Look at these specs:
We packed the most raw horsepower we possibly could into this GPU. It’s driven by 3840 NVIDIA® CUDA® cores running at 1.6 GHz and packs 12 TFLOPs of brute force. Plus it’s armed with 12 GB of GDDR5X memory running at over 11 Gbps.
You'd need a lot of P2s to get anywhere near that...
What fits on the 8.5x8.5 mm die was always only a guess. Chip had thought it was an easy fit for everything but that turned out to be too optimistic.
In the discussion, the author makes the point that It's not the speed so much as the limited algorithmic flexibility that limits some applications. If you look at his stereo vision example... that is where some real life algorithms start... and then go on... and on... and on. This computation load is why the new Intel RealSense cameras still use a projector... even though they have stereo cameras inside. It reduces the computations tremendously... but also limits range.
Bandwidth to each GPU streamer is also a bottleneck.
Rich
This has hub-instruction timing scaled to the number of cogs, so things run faster and less logic is used.
Could you all please try this out and make sure everything looks okay?
THANKS!!!
This really could be the last version before the chip is built.
Oops!
V23 hangs on some of my code where V22 was Ok.
I'm trying to isolate the issue now...
Sorry Chip
The problem seems to caused by COGID returning the wrong value.
The following test code blinks the green leds on the A9 board matching the position of the cog led.

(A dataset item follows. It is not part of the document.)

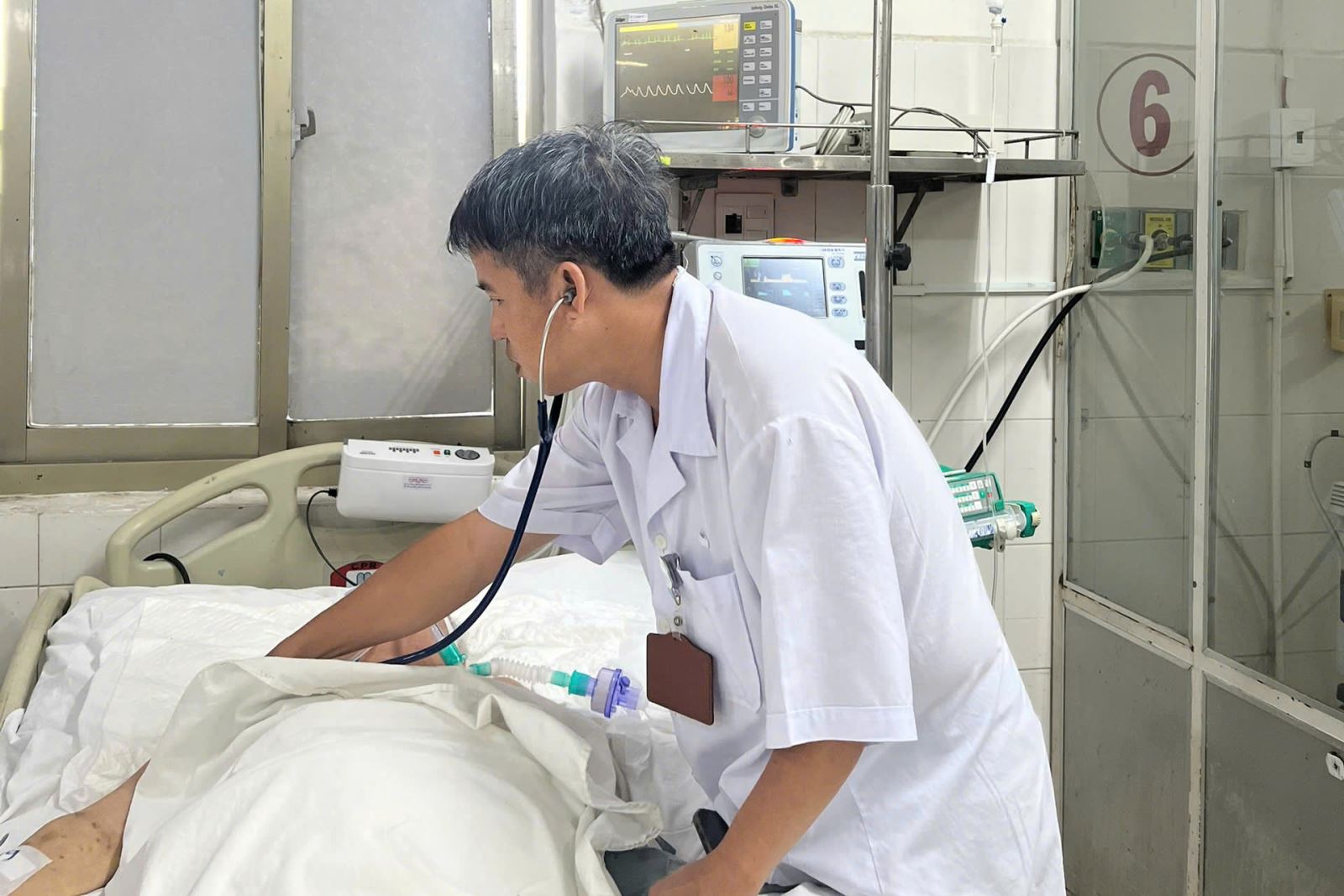Thầy thuốc Ưu tú, bác sĩ CKII Lê Hòa thăm khám cho bệnh nhân.

In V22 the alignment is correct and in v23 the alignment is out by 1.
i.e COGID returns 1 for cog 2 instead of 2.
Thanks for finding that. I tested for COGID correctness by using all_cogs_blink.spin2, which only showed me group behavior. I should have been more thorough. I will have this updated in 24 hours. Thanks, again.

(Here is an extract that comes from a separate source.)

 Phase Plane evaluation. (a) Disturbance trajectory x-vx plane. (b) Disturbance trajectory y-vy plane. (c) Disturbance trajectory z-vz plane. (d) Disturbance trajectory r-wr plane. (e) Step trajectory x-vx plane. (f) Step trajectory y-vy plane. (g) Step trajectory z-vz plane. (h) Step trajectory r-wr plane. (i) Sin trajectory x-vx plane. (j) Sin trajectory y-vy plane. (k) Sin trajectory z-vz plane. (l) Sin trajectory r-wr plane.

I'm trying to figure out why single_step.spin2 worked. Or, maybe I just tested it on a one-cog image.
This line:
wire [3:0] cogid_r = sys - 4 & cogm; // cogid result
...now uses '- 3', instead of '- 4'. 'Cogm' acts as a mask - it's the number of cogs minus 1.
This should do it.
By the way, I HAD tested single_step.spin2 on a single-cog compile, so COGID just got slammed to '0', regardless of this bug.
What's the constant value (was 4, now 3) for?
For the record COGID returned 7 for Cog 0.
It's just a difference to make it suited to returning the correct ID for the given instance. "sys" must increment for each instance but has an offset from the ID# for its primary purpose. That offset must have changed with the latest optimisations.
Please test this and let me know if anything is wrong.
THANKS!
Ooooo, I spy a compatibility bug around a corner up ahead.
I just scrolled to the end of the Prop2 Document and noted a small table showing instruction formatting and a subsequent key for the lettering used. To nit pick on terminology: T is Opcode. D and S are Operands.
And you can't go calling the conditional execution field an instruction prefix either. The whole 32 bits are the one instruction.